Misalnya, saat kita menerima telepon dari seseorang tak dikenal, memberitahukan bahwa anak kita kecelakaan. Kita langsung panik. Ketika diminta mentransfer uang, tanpa pikir panjang kita melakukannya. Setelah semua tenang, kita baru sadar kita telah diperdaya oleh penipu. Entah berapa orang yang kena tipu modus ini. Para penipu tahu persis bagaimana cara mematikan nalar dan mengaktifkan kerja otak reptilia kita.

Selama ratusan ribuan tahun nenek moyang kita bertahan hidup dengan mengandalkan otak reptilia. Bagi binatang melata otak ini adalah instrumen penyelamat dari bahaya. Bedanya, manusia dikaruniai bagian otak lain yang disebut neo-cortex. Bagian otak ini yang bertugas mengolah informasi sebelum memerintahkan anggota badan merespons. Karena neo-cortex inilah kita disebut “hayawannun natiq,” hewan yang berfikir. Tanpa ini kita tak ada bedanya dengan hewan.

Tetapi sayang, kadang manusia lebih mengedepankan otak reptilia dari pada neo cortex. Lihatlah berbagai kasus kekerasan dan konflik. Konflik di Poso yang berkobar lebih dari 10 tahun, misalnya, dipicu dari perkelahian remaja yang kebetulan beda agama. Kepada komunitas muslim, tersiar kabar orang Kristen akan menyerang. Begitu pula sebaliknya. Dalam situasi panas, neo-cortex tak bekerja. Semua informasi langsung masuk ke otak reptilia. Responsnya adalah fight or flight. Dalam situasi konflik pilihannya biasanya adalah fight, berkelahi.

Modus yang sama juga terjadi dalam perang informasi. Di Barat, masyarakat ditakut-takuti dengan citra Islam yang identik dengan teroris. Di Eropa, mulai ditebar ketakutan bahwa Islam akan menguasai Eropa. Propaganda Islamphobia mematikan akal sehat masyarakat. Maka tak heran politisi picik seperti Wilders pembuat film Fitna di Belanda mendapat dukungan.

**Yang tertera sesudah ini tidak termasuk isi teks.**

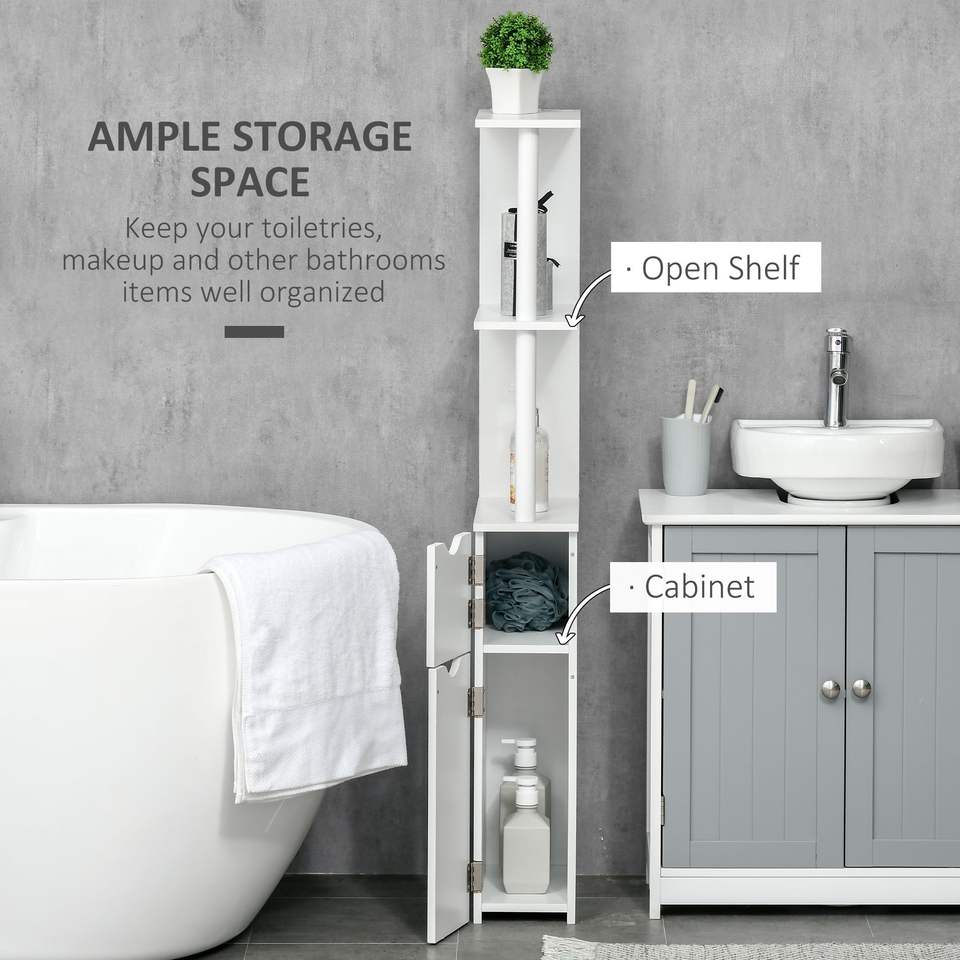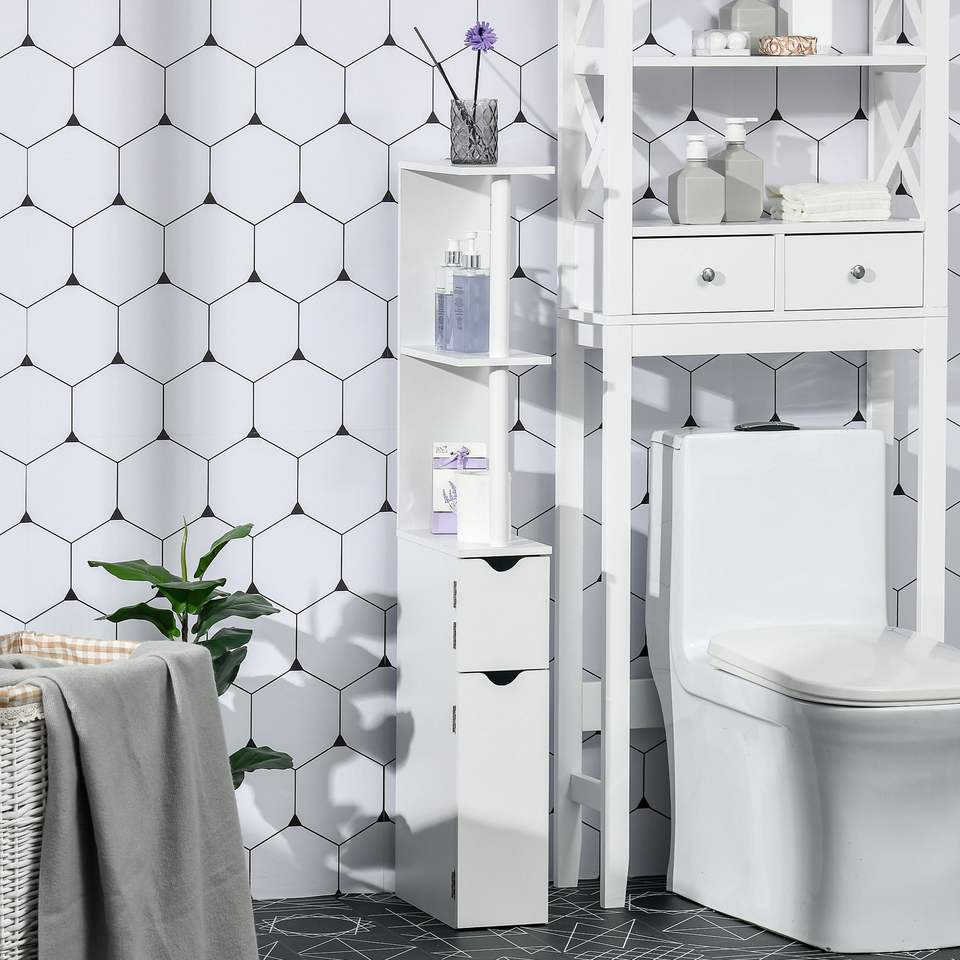 Mobiletto da bagno bianco con ripiani aperti, accessorio per arredamento

Di tubuh umat islam sendiri perpecahan umat makin terasa dengan modus yang sama. Setiap kelompok menyebar informasi tentang bahayanya kelompok lain. Sejumlah kelompok dan pribadi dituduh kafir dan berbahaya. Berita online, sms, broadcast BBM, dan Whats Aap mulai berseliweran memberi peringatan. Hati-hati dnegan kelompok ini. Waspada dengan mazhab itu. Mohon sebarkan!

Sayangnya umat Islam, yang seharusnya menjadi “umat yang berfikir” kadang neo cortexnya lumpuh digantikan otak reptilia yang bekerja. Tanpa pikir panjang, tanpa kroscek, kita pijit tombol share. Fitnah, ghibah, dan informasi tak terverivikasi berseliweran. Maka tak heran jika suasana umat begitu panas di ujung pepecahan. Maka, kehati-hatian menjadi pilihan paling tepat!